Love is a mistery. It has as many definitions as human beings. I remember that I had a boss that once said: when you have a child, your life will switch from 2 to 3 dimensions. He was bloody right. This love is an unlimited love. For your kid, you would put your body between the danger and him. Without thinking a single second. Instinct love. Almost animal. Survival love. Sacrifice love.
Then you have what we could call traditional occidental couple love. This is an interesting one. With many nuances and differences. It can be good or it can be bad. Often it is a mixture of good and bad things. Everytime I read in a newspaper that a man killed his former wife "because she will be with me or with no one else" then I think that even maybe this man thinks he loved her, this can't be love. This is the apology to selfishness. this is exactly the opposite to the type of love I will talk - ok, lets say write - in the last place.
Traditional occidental couple love has several ingredients, all in certain degree, higher or lower depending on the person: love, desire, sex, jealousy (I hate this one), "affection", care for the other one, selfishness (to a certain degree - remember), joint plans, caress, maybe children, usually a mortgage. You can feel happyness and frustrations here. You can also suffer in this type of love, even loving and being loved.
Maybe we could say that sex or erotism in all his aspects could be also called love. I go for it. I think it is love. Ok, maybe limited in time and intensity, but love after all.
There are many more types of love in my opinion, but we will not talk of them right now, they are not relevant now.
And then there is a very special love. I believe that few people has the gift to feel it. Hopefully I will be able to explain it. This is a love that lacks selfishness. It is generous. It is protective. It is a love that prefers the beloved person to be far away from you but happy, than having him close to you but unhappy. It is a love that gives without taking. It is a love that grows through the other person's happyness. You know how I paraphrase this type of love. This is the love that makes you work hard to see wings growing. This is the love that makes you work hard to build the right foundations. To eliminate weeds.
Oh, so maybe this is not love but altruism? No, no. The reward comes. But in a different way. In the traditional love, you feel happy when the other person says he loves you. In this type of love you feel happy when the other person is happy. When you see him smiling and you feel your heart full of joy. When you feel that the other person has had a good day. Ok, agree, sometimes little things. But what is happyness after all? Isn't it some seconds of glory? Isn't it two minutes in paradise? I've felt sometimes that people tend to think that happyness is a stable state of mind that you can reach if you are sorrounded of perfection. Wrong. Totally wrong. This world is built of moments. Instants. Seconds.
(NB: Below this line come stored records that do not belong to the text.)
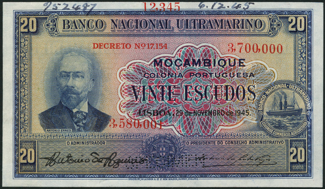 (†) Banco Nacional Ultramarino, Mozambique, a group of printer's archival specimens, 29 November 1945, comprising 5 Escudos, serial run 2,785,001 to 3,110,000, green; 10 Escudos, serial run 1,395,001 to 1,555,000, brown-purple; and 20 Escudos, serial run 3,580,001 to 3,700,000, blue, all portrait of Antonio Ennes at left, steamship seal at right, arms at lower centre, reverse woman looking out at ships, perforated SPECIMEN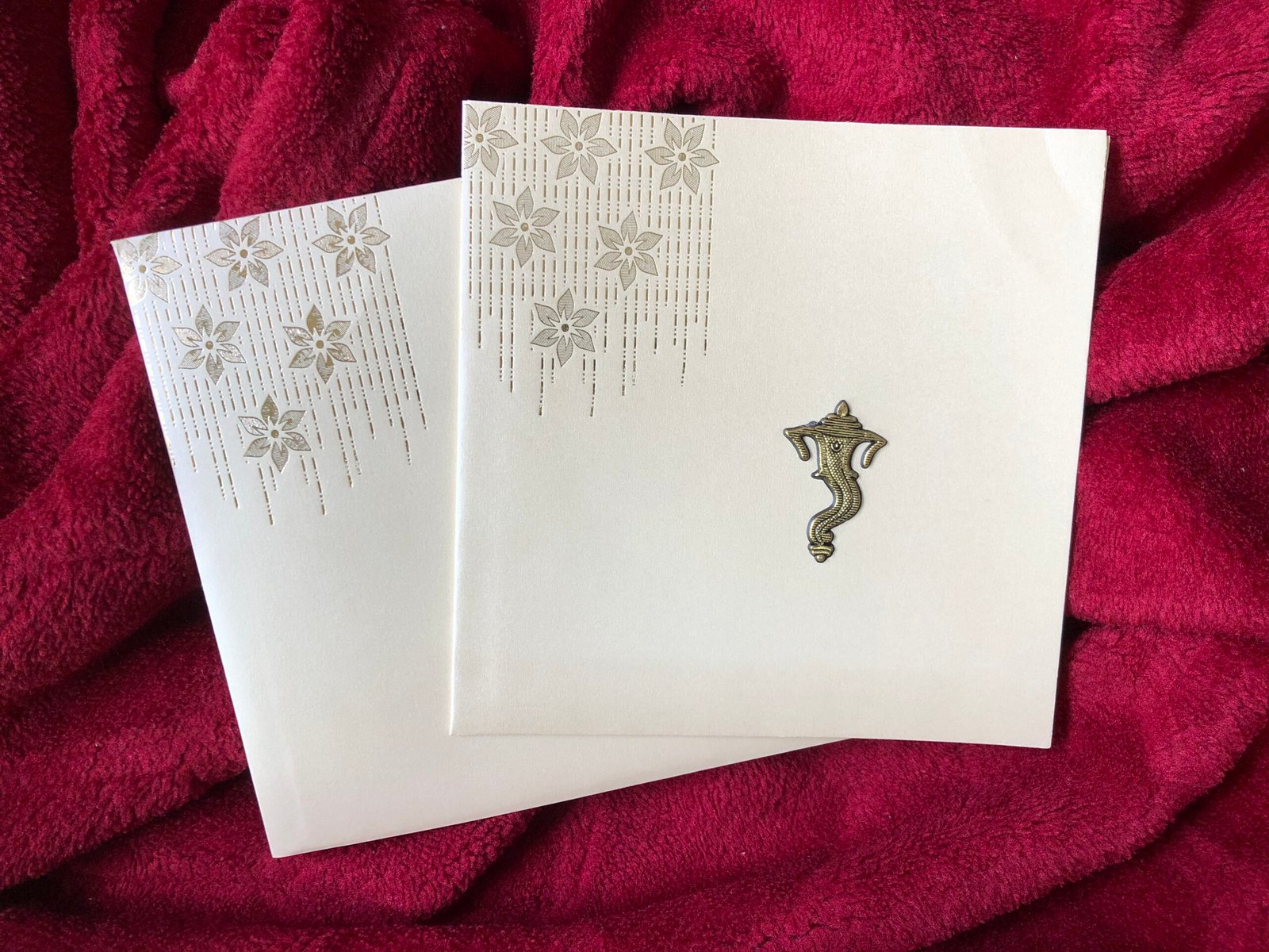 A simple yet classy cream wedding invitation card featuring a golden Ganesh clipart on the front. The left-side corner flower print in gold adds a subtle decorative touch, giving the card an elegant and stylish look. Perfect for those who prefer a refined, traditional, and sophisticated invitation design.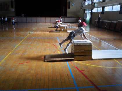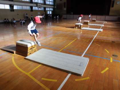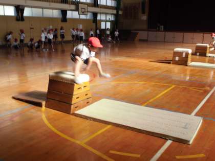 1年生は跳び箱の学習です。跳び箱に乗る練習から段階を追って練習していきました。うまく開脚跳びまで進むことができる1年生もいて、上達が早いです。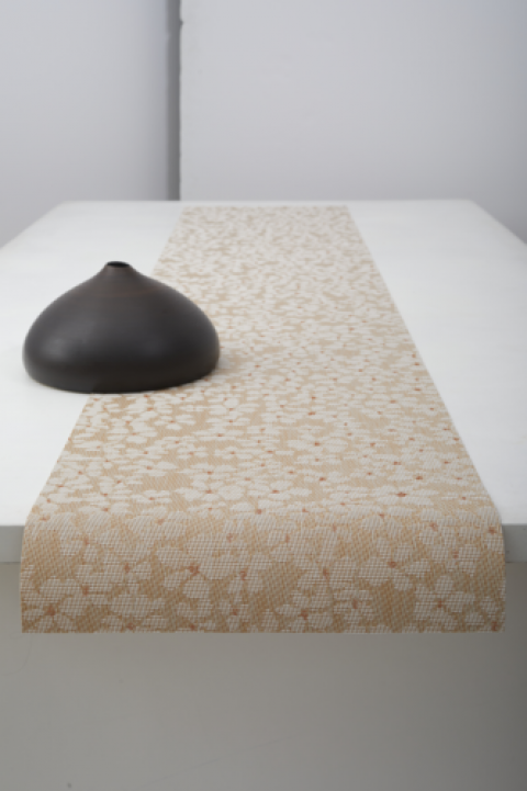 Flora Table Runner 14x72, Almond, Microban® antimicrobial protection, TerraStrand® woven vinyl, Made in USA (minimum order 1 each)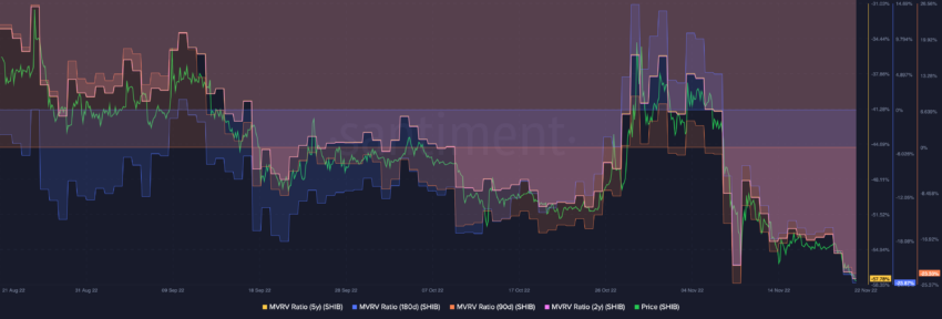 Der Marktwert von SHIB verglichen mit dem realisierten Wert (MVRVs) zeigt, dass längerfristige Shiba Inu-Anleger sich aktuell im Minus befinden. Die SHIB MVRVs für fünf bzw. zwei Jahre sowie die für 180 bzw. 90 Tage ergeben allesamt Verluste für die Anleger und unterstreichen damit ihre schmerzhaften Erfahrungen.
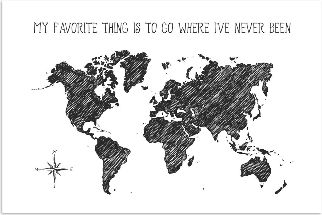 MuchoWow Poster Weltkarte - Schwarz - Weiß - Zitat 120x80 cm - Bilder

And yes, you can still desire this person. Even maybe badly. But this feeling is not the core feeling. Because desire is to a certain extent the wish to have someone or something to be (oneself) happy. Because, believe or not, you can be happy if the person is happy with another person. Because it is such a pure love that does not understand anything about selfishness. But yes, nothing is perfect. People that can feel this type of love only can suffer if the beloved person is not happy. And they can't accept that. Not without fighting for it. Because they need to feel again the miracle of this strange sensation of being overflowed with pure love (ok, so maybe this is the selfish part after all). To feel it again and again. Endlessly.
I can love like this. And I am not the only one. I've been told that there is a famous writer that went three times through a not precisely nice experience. Not by his choice. People that loved him this way made him go through this. Because they wanted him to be ok, to be happy, to receive what he needed. It seems that this really worked. There is a saying I always remember: you can't make an omelette without breaking eggs. Sometimes you have to do things you don't like to be ultimately where you want or you need to be.
Yesterday I was given one of the most beautiful gifts I've ever received. The person I love in this way offered to go through an experience he did not want to go only to make me happy. Well, hopefully this is not needed. Maybe even if this is needed he at the end would not it. But you know what? The sole act of offering it, of thinking to do it for this reason, is one of the things that makes this world be worth. Really worth. I cannot think of receiving a bigger gift than this one. Thank you for this.